For example, the combining operation may be a splicing operation, in which the feature (T₁, T₂, . . . , T_i) of the sample text in the first language and the feature (T_i+1, . . . , T_K) of the sample text in the second language are spliced to obtain the sample text feature (T₁, T₂, . . . , T_i, T_i+1, . . . , T_K).

In the method 200 of training the image-text retrieval model, it is also possible to process the above-mentioned sample image by using the above-mentioned image encoding sub-model so as to obtain the sample image feature of the sample data. This will be described below in detail with reference to the following operations S231-S232.

In operation S231, a feature of each of the at least one sample image is determined respectively by using the image encoding sub-model.

In an embodiment of the present disclosure, the number of the sample images may be one.

For example, the sample image may be the image of a club player playing football, and the feature (I₁, I₂, . . . , I_i, I_i+1, . . . , I_K) of the sample image may be determined by using the image encoding sub-model.

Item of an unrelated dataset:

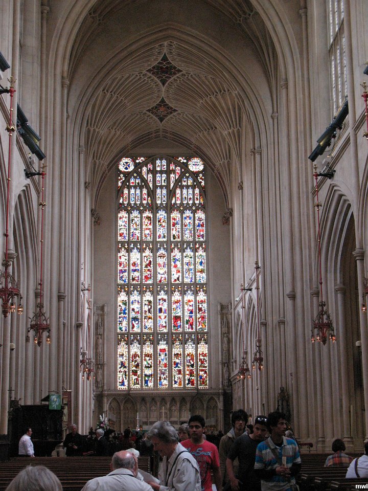 mercredi, 13 juillet 2011, 12h41 | L'abbaye de Bath Abbey | Ville: Stonehenge Bath Startford-upon-A | Angleterre | En 43 av. J.-C, les Romains fondèrent la ville pour en faire un lieu thermal et s'appelait en latin Aquae Sulis ("les eaux de Sulis"). Cependant, la tradition orale semble suggérer que Bath était connue avant cette date. Ils construisirent des bains et un temple dans les collines aux alentours de la ville, dans la vallée de l'Avon autour de sources chaudes. Edgar d'Angleterre fut proclamé roi à l'abbaye de Bath en 973. Bien plus tard, la ville devint populaire en tant que station thermale pendant l'époque georgienne, qui conduit à une importante expansion laissant un incroyable héritage architectural fabriqué avec la pierre de la région. Source: Wiki. | GPS: 51°22'53.14" N | 2°21'34.06" W | © Cécile Brousseau | Fichier: IMG_4686.JPG

In an embodiment of the present disclosure, the number of the sample images may be greater than or equal to two.

For example, the number of the sample images may be three. The three sample images may be, for example, an image of a national team player playing football, an image of a club player playing football and an image of a school student playing football. The feature of each of the three sample images may be determined by using the image encoding sub-model, to obtain features (I₁₁, I₁₂, . . . , I_1i, I1_(i+1), . . . , I_1J), (I₂₁, I₂₂, . . . , I_2i, I_2(i+1), . . . , I_2J) and (I₃₁, I₃₂, . . . , I_3i, I3 _(i+1), . . . , I_3J) for the three sample images respectively, wherein j may be equal or not equal to k.

In operation S232, the sample image feature of the sample data is determined based on the feature of each sample image.

For example, when the number of the sample images is one, the feature (I₁, I₂, . . . , I_i, I_i+1, . . . , I_K) of the sample image may be directly used as the sample image feature.

For example, when the number of the sample images is greater than or equal to two, features of the these sample images may be combined (such as spliced or added linearly) to obtain the sample image feature. For example, the above described features (I₁₁, I₁₂, . . . , I_1i, I1 _(i+1), . . . , I_1J), (I₂₁, I₂₂, . . . , I_2i, I_{2 (i+1)}, . . . , I_2J) and (I₃₁, I₃₂, . . . , I_3i, I3 _(i+1), . . . , I_3J) may be combined to obtain the sample image feature (I₁′, I₂′, . . . , I_i′, I_i+1′, . . . , I_K′).

Then, the image-text retrieval model may be trained according to the sample text feature and the sample image feature in the method 200 of training the image text model. This will be described below in detail with reference to the following operations S241-S242.

In operation S241, a first similarity between the above-mentioned sample text feature and the above-mentioned sample image feature is calculated.

For example, the first similarity may have a value in a range of 0-1.

For example, a cosine similarity between the sample text feature (T₁, T₂, . . . , T_i, T_i+1, . . . , T_K) and the sample image feature (I₁, I₂, . . . , I_i, I_i+1, . . . , I_K) may be calculated as the first similarity.

For example, a cosine similarity between the sample text feature (T₁, T₂, . . . , T_i, T_i+1, . . . , T_K) and the sample image feature (I₁′, I₂′, . . . , I_i′, I_i+1′, . . . , I_K′) may be calculated as the first similarity.

In operation S242, the parameters of the above-mentioned text encoding sub-model and the above-mentioned image encoding sub-model are adjusted according to the first similarity.

For example, when the value of the first similarity is in the range of 0-1, the parameters of the text encoding sub-model and the image encoding sub-model may be adjusted to increase the value of the subsequently obtained first similarity.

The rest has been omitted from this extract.